What Really Grabs Us When We Read

One of most revealing (and sometimes scary) things about brain science is how often it exposes the real reason we do  something. You know, as opposed to the reason we’re absolutely positively surewe did it. Which translates to: we’re often very, very wrong. Just knowing that you might judge a stranger as either a warm or cold person, based solely on whether you’ve just held a cup of hot or iced coffee, sure can give you pause.

The point is, we often mistake what seems obvious on the surface for the deeper reason – the real reason – we're drawn to something. Like novels, for instance.

What’s on the surface of novels? Words. Language. Sentences. That’s what we see. And often, those sentences are exquisitely beautiful. And so we think that’s what has us hooked.

It’s not. What we’re responding to is the story those beautiful sentences are harnessed to. What makes me crazy is the common notion that if you learn to “write well” – to compose luminescent sentences – then, Voila! you’ll have written a story.

That’s why, reading Jhumpa Lahiri’s piece, “My Life’s Sentences,” in the Sunday New York Times, I thought my head would explode. It came close when I read her assertion that the sentences that “come to her . . . are pieces of a jigsaw puzzle, handed to me in no particular order, with no discernible logic. I only sense that they are part of the thing.”

Not wanting my head to explode, I popped two aspirin and did the next best thing. I wrote a letter to the editor of the Times making the point that -- despite the article's implication -- no one but a genius like Lahiri can expect stories to arrive magically, in such a lyrically otherworldly fashion. That is, and have them make a lick of sense. They printed it under the headline, “The Art of Writing: The Story’s The Thing.”

The story is the thing. It’s what has actually captured you. And the great prose, exquisite sentences, and splendid voice? Their job is to serve the story. Alone, they’re window dressing in a vacant house.

And here’s the most important thing of all: story isn’t something you either have in your bones, like Lahiri, or not. While you can’t learn voice – it’s what you’re born with – story is something you can learn.

You don’t even need a muse. Because, creativity and imagination? Guess what, they aren’t magic or “otherworldly” either. Says science writer Jonah Lehrer:

"For most of human history, people have believed that the imagination is inherently inscrutable, an impenetrable biological gift.
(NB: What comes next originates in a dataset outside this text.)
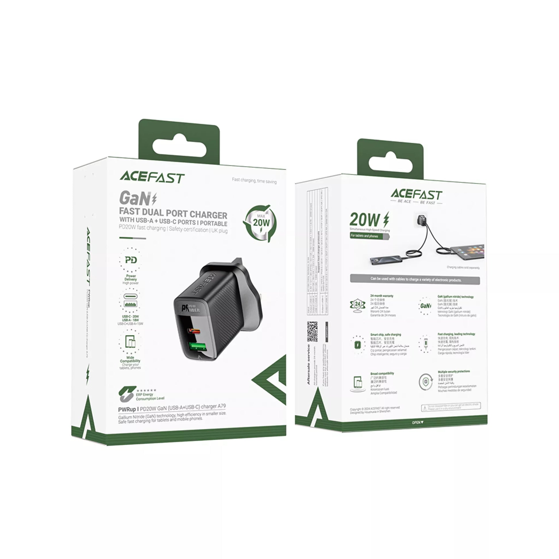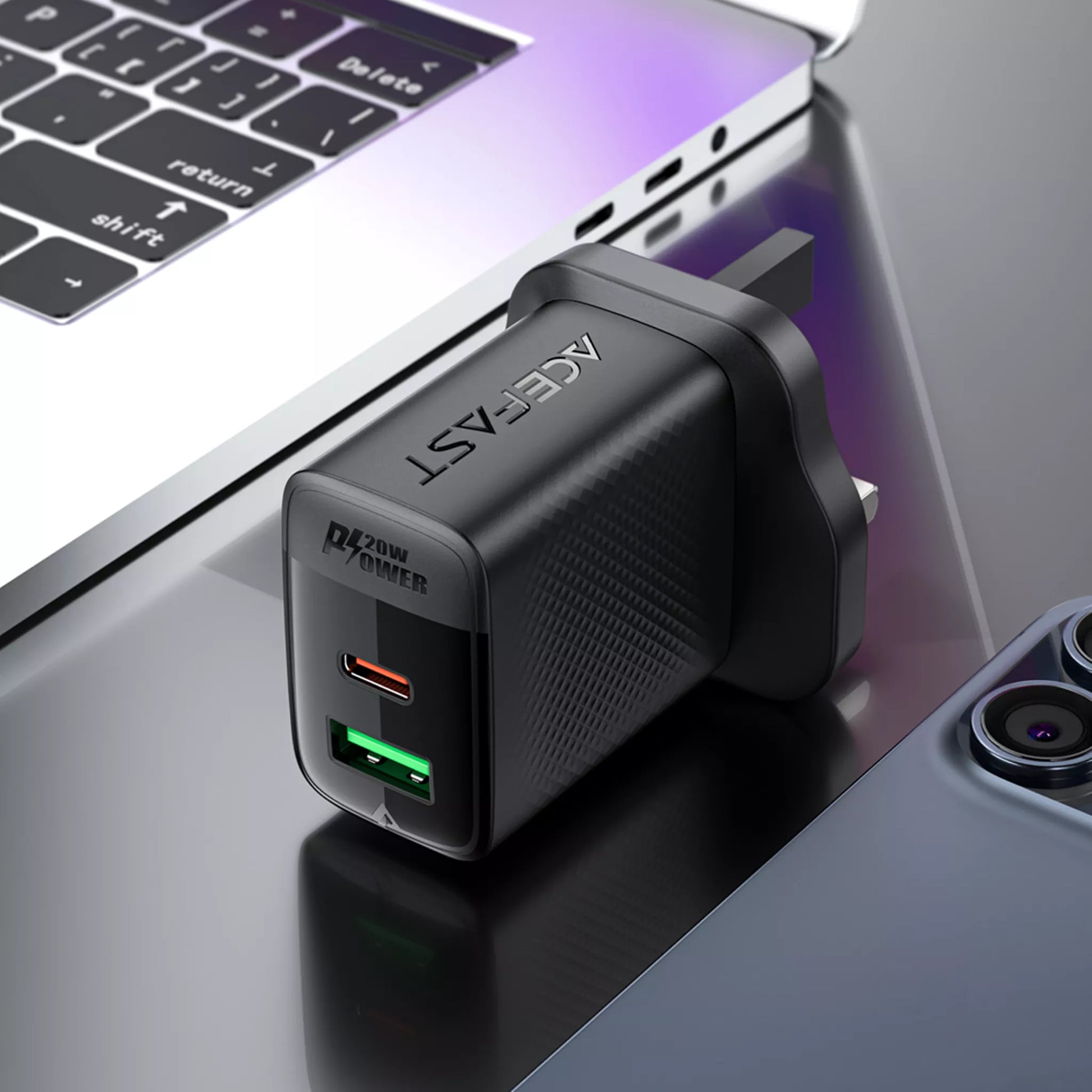 The Acefast 20W GaN USB-C Power Delivery & USB Qualcomm 3-Pin UK Charging Plug is a high-performance, efficient, and safe charging solution. Its combination of advanced GaN technology, multiple safety features, and sleek design makes it an essential accessory for keeping your devices powered up and ready to go. Stay connected and charged with the reliable Acefast charging plug.

As a result, we cling to a series of false myths about what creativity is and where it comes from. These myths don’t just mislead—they also interfere with the imagination."

So, to hell with muses, divine inspiration and magic. Great stories come from having the gumption, determination and perseverance to stick at it, draft after draft, until you’ve wrestled the damn magic onto the page.

What magic is that? The very real magic causes the reader to surrender to the story so completely that it doesn’t feel like a story at all. What it feels like is life.

Long live story!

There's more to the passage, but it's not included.